我々は、ゲノムワイド865,353DNAメチル化と49,386転写因子との相互作用を解析して、アルツハイマー病神経画像イニシアチブデータセットにGIDSを適用した。
- 参考スコア(独自算出の注目度): 3.4167911937490665
- License: http://creativecommons.org/licenses/by/4.0/
- Abstract: Modeling interactions among multimodal, high-dimensional data is intrinsically challenging due to ultra-high dimensionality and complex dependence structure with high level noise. Screening methods are effective for reducing dimensionality, but most existing approaches shrink only the predictor space while retaining all outcomes. In cross-modal analyses, different outcomes often select different predictor subsets, so the union remains large and the response dimension is unchanged, limiting the practical benefit of screening. This gives rise to heavy computational burdens and poor interpretability. To address these limitations, we propose a new screening framework, Graph Independence Dual Screening (GIDS), which simultaneously reduces the dimensionality of response variables and predictors. We design computationally efficient algorithms that facilitate downstream selection procedures, improving accuracy and scalability, and establish supporting theoretical results. Extensive simulation studies demonstrate that GIDS outperforms existing methods that screen only predictors. To illustrate its utility, we applied GIDS to the Alzheimer's Disease Neuroimaging Initiative (ADNI) dataset, analyzing interactions between genome-wide 865,353 DNA methylation and 49,386 transcriptomic variables. GIDS reduced the feature space to approximately 9,000 CpGs and 2,000 transcripts, uncovering blockwise interaction structures: clusters of CpG sites and gene transcripts with strong associations. These findings not only improve computational tractability but also yield interpretable biological insights, highlighting coordinated regulatory mechanisms underlying Alzheimer's disease.
- Abstract(参考訳): マルチモーダル・高次元データ間の相互作用のモデル化は、超高次元と高レベルノイズを伴う複素依存構造のために本質的に困難である。

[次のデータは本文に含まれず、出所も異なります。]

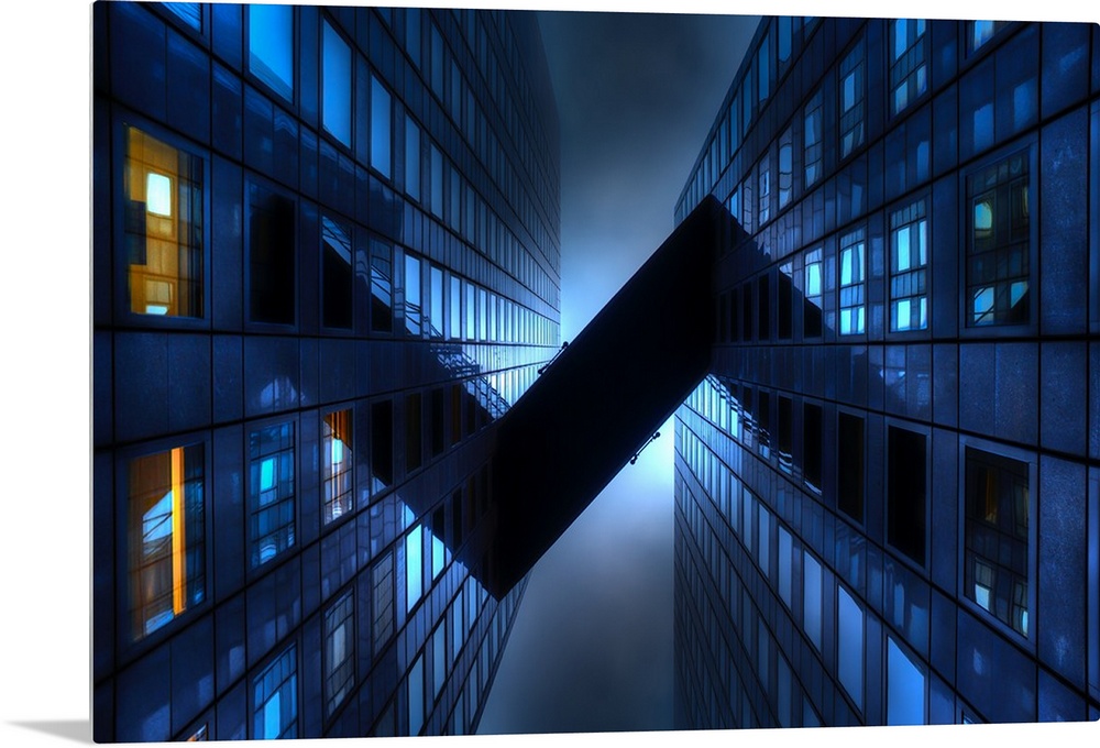<p>A catwalk between two buildings at an angle, seen from below.</p>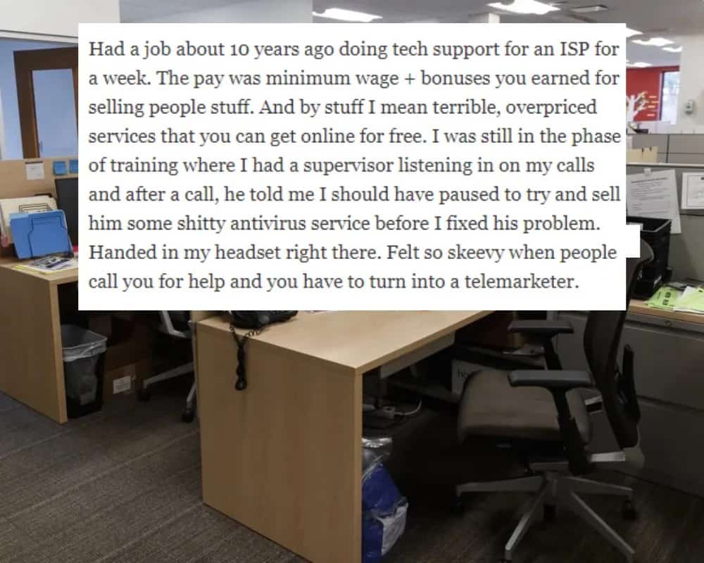 After listening to calls with this person, their supervisor told them that they were solving too many problems compared to selling products. Such a prioritization didn’t align with the individual’s values, leading them to question the nature of their work.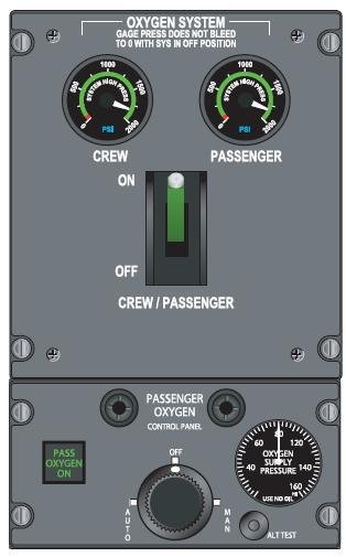Immediately aft of the OXYGEN SYSTEM panel section is a panel labelled PASSENGER OXYGEN CONTROL PANEL. The panel contains a gage indicating the pressure of the oxygen supplied to the passenger cabin, an annunciator that illuminates the text label PASS OXYGEN ON when the system is in use and a rotary mode control switch to select the type of operation of the passenger oxygen system. The switch has three positions: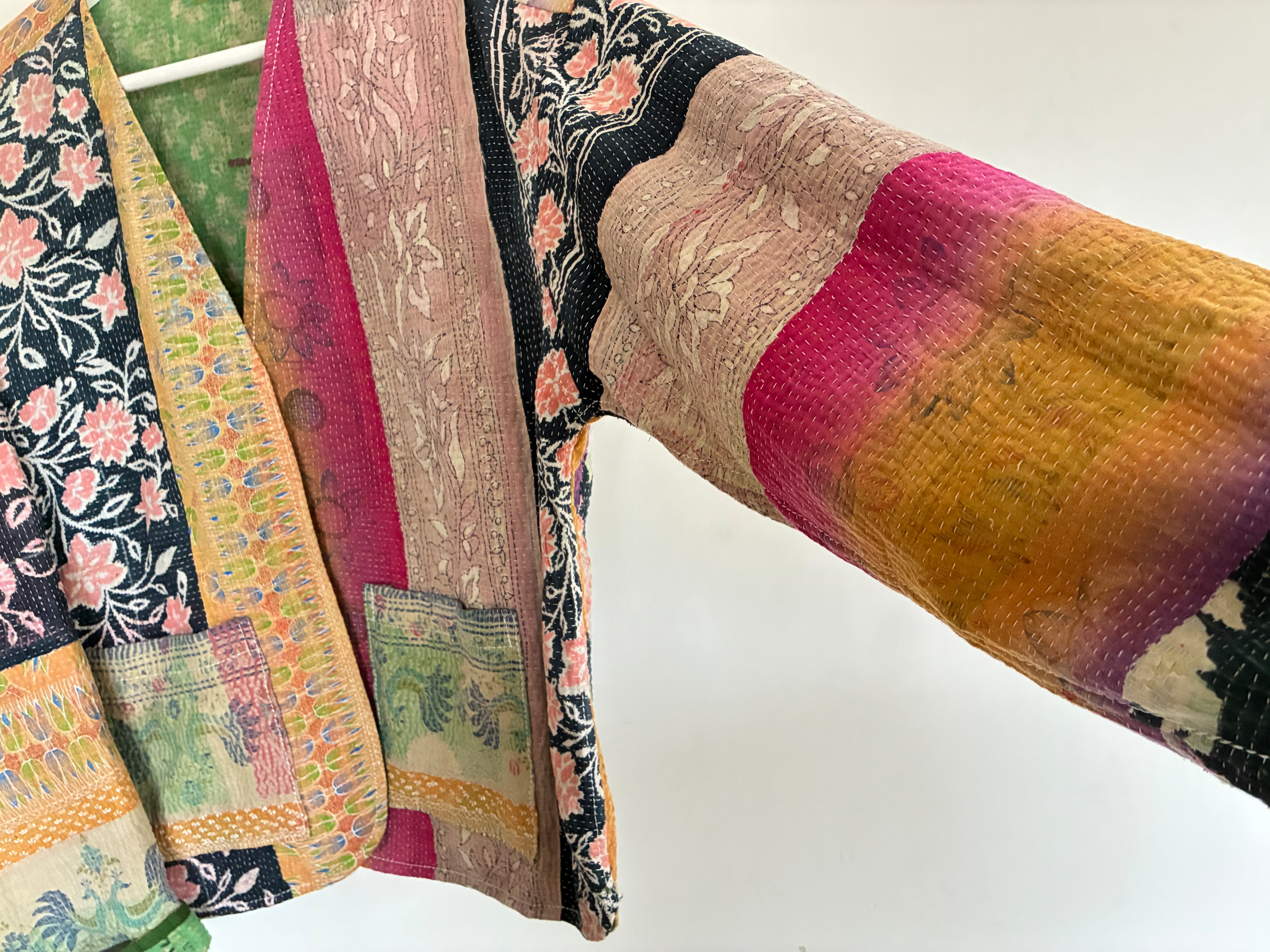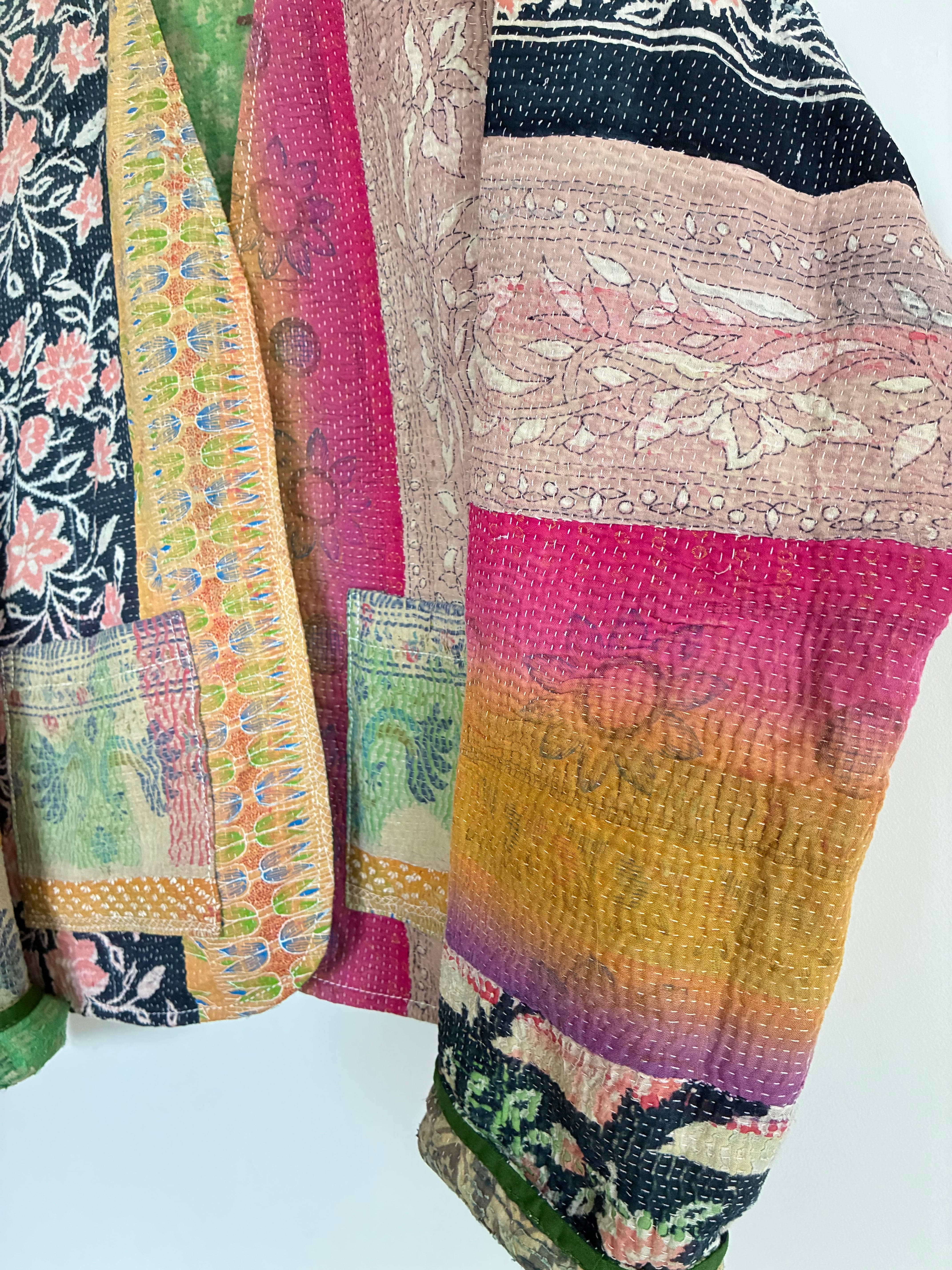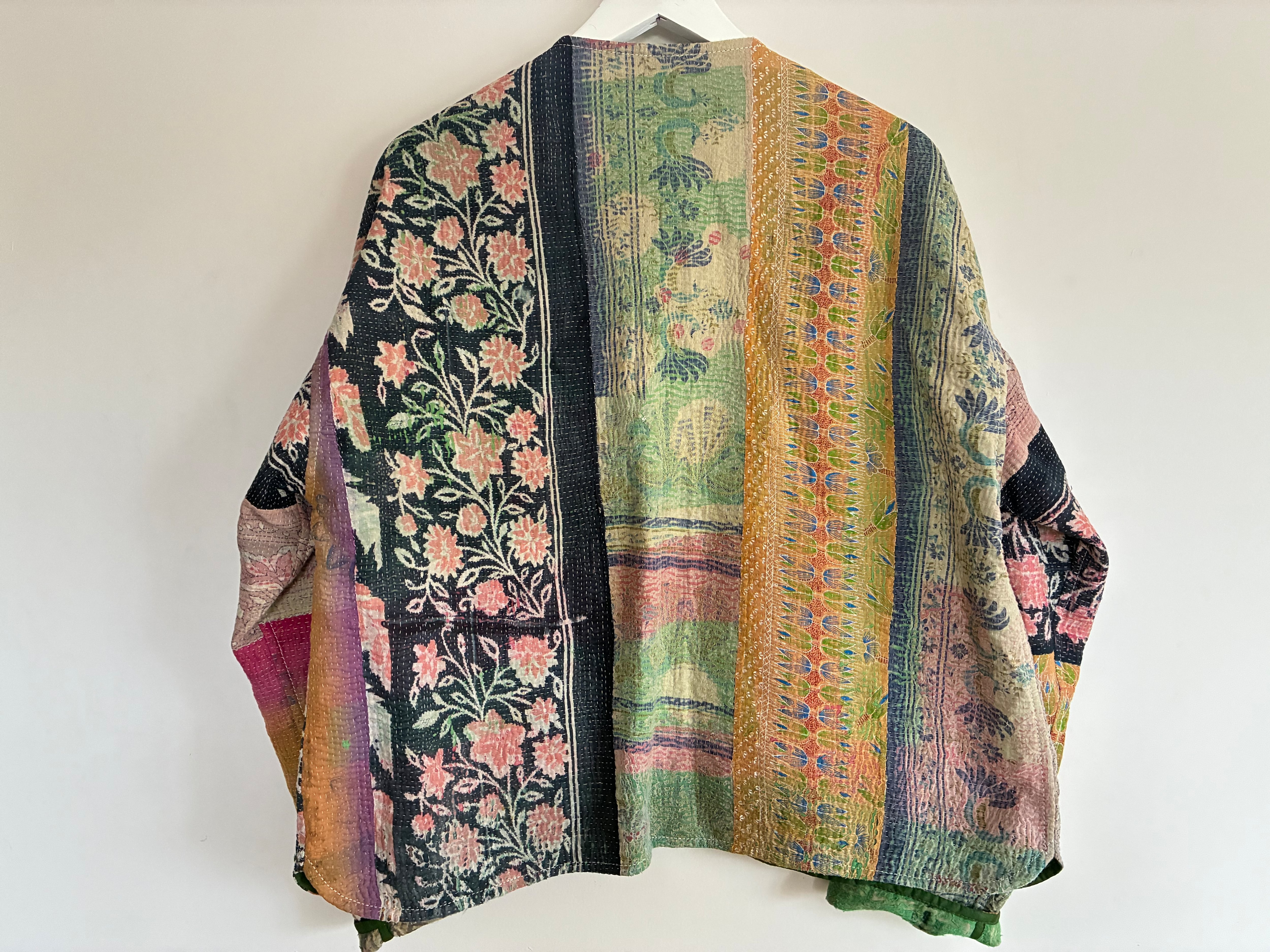 ラリーキルトジャケット✴︎カラフルパッチワーク×グリーングレージュ

スクリーニング手法は次元の減少に有効であるが、既存のアプローチのほとんどは、全ての結果を維持しながら予測空間のみを縮小する。
クロスモーダル解析では、異なる結果がしばしば異なる予測部分集合を選択するので、結合は大きいままであり、応答次元は変化せず、スクリーニングの実用的利益を制限している。
これにより計算負荷が大きくなり、解釈容易性が低下する。
これらの制約に対処するため,新しいスクリーニングフレームワークであるグラフ独立デュアルスクリーニング(GIDS)を提案し,応答変数と予測器の次元性を同時に低減する。
我々は、下流の選択手順を容易にし、精度とスケーラビリティを向上し、理論的結果を支援する計算効率の良いアルゴリズムを設計する。
大規模なシミュレーション研究により、GIDSは予測器のみをスクリーニングする既存の手法よりも優れていることが示された。
その有用性を説明するために、我々は、ゲノムワイド865,353DNAメチル化と49,386転写因子との相互作用を解析する、アルツハイマー病神経画像イニシアチブ(ADNI)データセットにGIDSを適用した。
GIDSは特徴空間を約9000個のCpGと2,000個の転写産物に減らし、CpG部位のクラスターと強い関連を持つ遺伝子転写産物のブロックワイド相互作用構造を発見した。
これらの知見は、計算的トラクタビリティの向上だけでなく、解釈可能な生物学的洞察をもたらし、アルツハイマー病の根底にある調節機構の協調を強調した。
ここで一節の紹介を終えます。